Back in ‘05, Killeedy of West Limerick captured the Limerick County JBHC silverware.

Defeating Bruree in the title decider, Killeedy celebrated glory into the early hours in an “accommodating local hostelry” as organising chairman John Magner roguishly put it.

However, while enjoying a “quiet few pints” Magner, his teammates and management had a moment of clarity which led to the generation of a wonderful initiative, as he explains.

“We were all enjoying our night but soon realised that this was it in terms of how far the team in competition could go in that season,” Magner said. “At the time, then GAA President Seán Kelly had introduced provincial and All-Ireland championships at Junior A levels in both codes.

“But there was none for Junior B county winners.

The Killeedy GAA Perpetual Cup.

“So we decided there and then to pitch the idea of creating provincial championships and an All-Ireland series at this particular level to the Munster Council and Croke Park.

“Off our own backs, Killeedy were suddenly attempting to run Munster, Leinster and All-Ireland competitions.

“And, thankfully, the powerbrokers were really supportive of the idea and have been ever since.”

The 2015/16 version of the competition begins this weekend with the provincial quarter-finals.

Basically, there is the Munster and Leinster championships, the latter which includes the Galway representatives and now, for the first time this year, also houses the Meath and Antrim champions.

“It’s absolutely fantastic that we have northern representatives now too this year.

“Michael Davitt’s of the Falls Road in Belfast will be involved in the Leinster championship which is superb, as is, obviously, the fact the Meath champions, Kildalkey, will be as well,” Magner outlined.

The finalists of both provincial campaigns go forward to compete in the All-Ireland series, with the Munster victors meeting the runners-up in Leinster and vice versa.

The current All-Ireland champions and holders of The Killeedy GAA Perpetual Cup, Doon of Limerick, were defeated by Killenaule in the Munster final before reversing the form with their Tipp-based counterparts in the national showpiece.

The inaugural Munster final was contested by Cork’s St James, Ardfield and Killeedy with the former club prevailing.

However, Killeedy were still hugely proud of their achievements at the time.
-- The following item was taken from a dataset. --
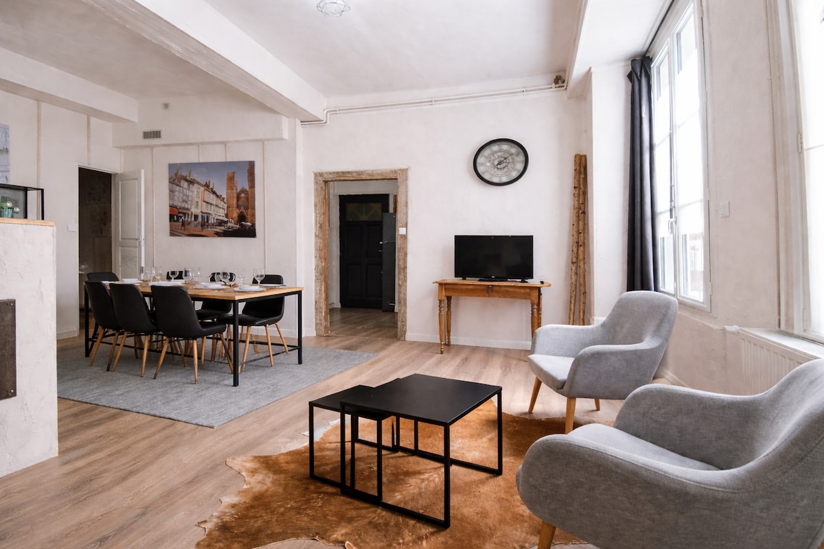 Appartement 80 m² avec caveau bourguignon voûté en pierre Cœur du quartier historique Saint-Vincent à Chalon-sur-Saône Centre-ville accessible à pied Restaurants, commerces et marché à 50 m Logement calme et naturellement tempéré toute l’année Grande table repas pour 8 personnes Idéal séjour touristique, professionnel ou œnologique en Bourgogne Au cœur des vignobles de la Côte Chalonnaise Jusqu’à 8 voyageurs

Led by Magner’s father, the late Johnny senior, a magnificent clubman, as well as cousin Conor Magner, Jim O’Neill and PJ Kinsella, Killeedy had not only succeeded in winning a county title.

They had also succeeded in addressing the issue of clubs not having more than a county triumph to aspire to at Junior B grade.

And every other club they contacted to invite to compete were thrilled by the prospect of representing themselves beyond their county constraints.

The competition is developing into a massive victory for all of the positive traits we associate with the Association away from the bright lights of September afternoons at headquarters.

Killeedy host the games in Munster while Abbeyleix is the venue for those competing in the east.

A packed Killeedy GAA ground on match-day.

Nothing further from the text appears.